Dataset excerpts:

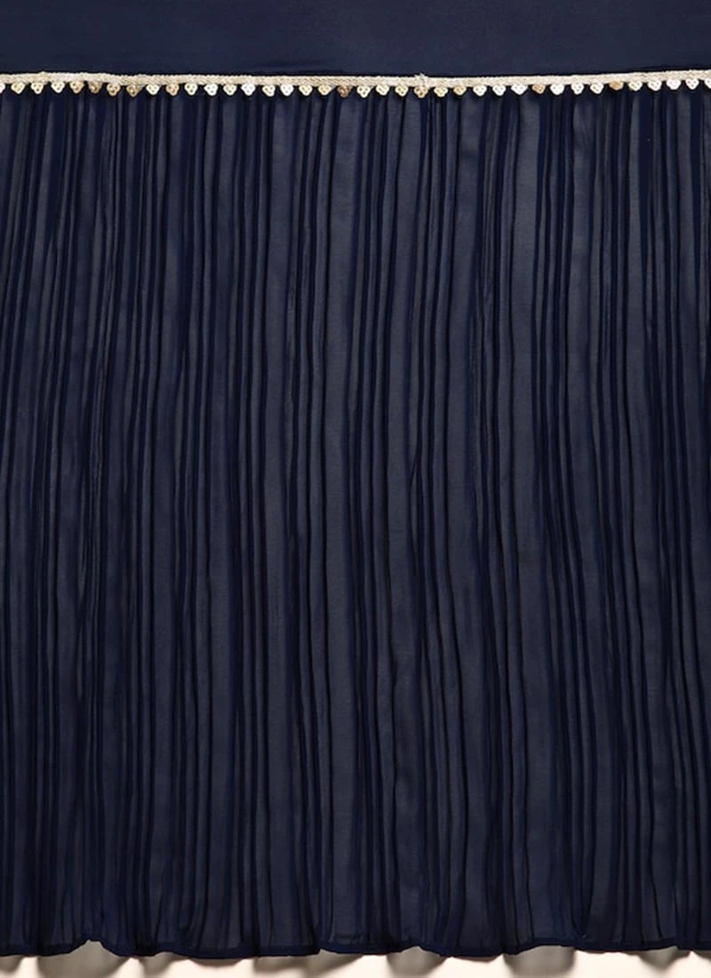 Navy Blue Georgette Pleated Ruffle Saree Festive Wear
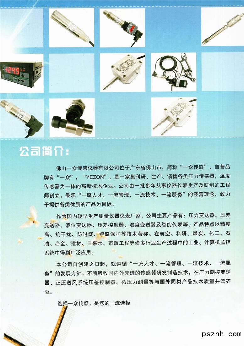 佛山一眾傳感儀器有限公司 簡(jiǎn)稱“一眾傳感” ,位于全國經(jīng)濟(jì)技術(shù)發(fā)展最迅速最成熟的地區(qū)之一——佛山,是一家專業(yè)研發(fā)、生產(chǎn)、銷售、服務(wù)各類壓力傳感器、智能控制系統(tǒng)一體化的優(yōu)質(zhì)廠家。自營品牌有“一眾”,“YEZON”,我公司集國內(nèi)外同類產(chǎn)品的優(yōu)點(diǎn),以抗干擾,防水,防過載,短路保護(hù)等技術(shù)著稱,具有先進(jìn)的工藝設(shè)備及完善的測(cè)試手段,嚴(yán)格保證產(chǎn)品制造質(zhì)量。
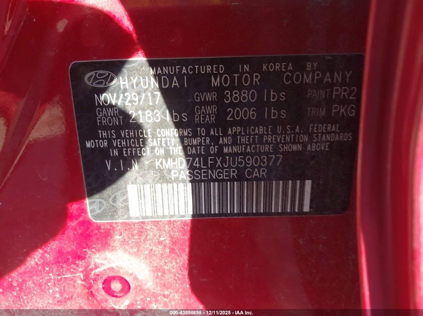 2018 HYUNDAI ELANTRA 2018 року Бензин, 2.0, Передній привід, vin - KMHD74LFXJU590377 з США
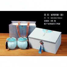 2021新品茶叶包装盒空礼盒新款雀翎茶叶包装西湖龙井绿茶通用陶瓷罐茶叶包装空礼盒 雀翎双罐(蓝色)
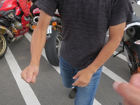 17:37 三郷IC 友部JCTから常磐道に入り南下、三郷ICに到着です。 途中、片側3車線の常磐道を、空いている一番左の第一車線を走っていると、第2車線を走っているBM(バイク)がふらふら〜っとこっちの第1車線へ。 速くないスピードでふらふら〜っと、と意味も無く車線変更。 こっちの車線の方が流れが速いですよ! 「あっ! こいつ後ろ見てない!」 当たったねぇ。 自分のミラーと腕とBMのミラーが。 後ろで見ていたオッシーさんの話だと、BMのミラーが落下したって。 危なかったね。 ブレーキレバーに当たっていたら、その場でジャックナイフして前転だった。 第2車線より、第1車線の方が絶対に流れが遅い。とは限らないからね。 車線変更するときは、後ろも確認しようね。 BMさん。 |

Prompt: The copy should start at the line that contains "2018 HYUNDAI ELANTRA", end at the last line of the entries above, and match each line exactly, with pictures dropped.

Exercise solution:
 2018 HYUNDAI ELANTRA 2018 року Бензин, 2.0, Передній привід, vin - KMHD74LFXJU590377 з США
 2021新品茶叶包装盒空礼盒新款雀翎茶叶包装西湖龙井绿茶通用陶瓷罐茶叶包装空礼盒 雀翎双罐(蓝色)
 17:37 三郷IC 友部JCTから常磐道に入り南下、三郷ICに到着です。 途中、片側3車線の常磐道を、空いている一番左の第一車線を走っていると、第2車線を走っているBM(バイク)がふらふら〜っとこっちの第1車線へ。 速くないスピードでふらふら〜っと、と意味も無く車線変更。 こっちの車線の方が流れが速いですよ! 「あっ! こいつ後ろ見てない!」 当たったねぇ。 自分のミラーと腕とBMのミラーが。 後ろで見ていたオッシーさんの話だと、BMのミラーが落下したって。 危なかったね。 ブレーキレバーに当たっていたら、その場でジャックナイフして前転だった。 第2車線より、第1車線の方が絶対に流れが遅い。とは限らないからね。 車線変更するときは、後ろも確認しようね。 BMさん。 |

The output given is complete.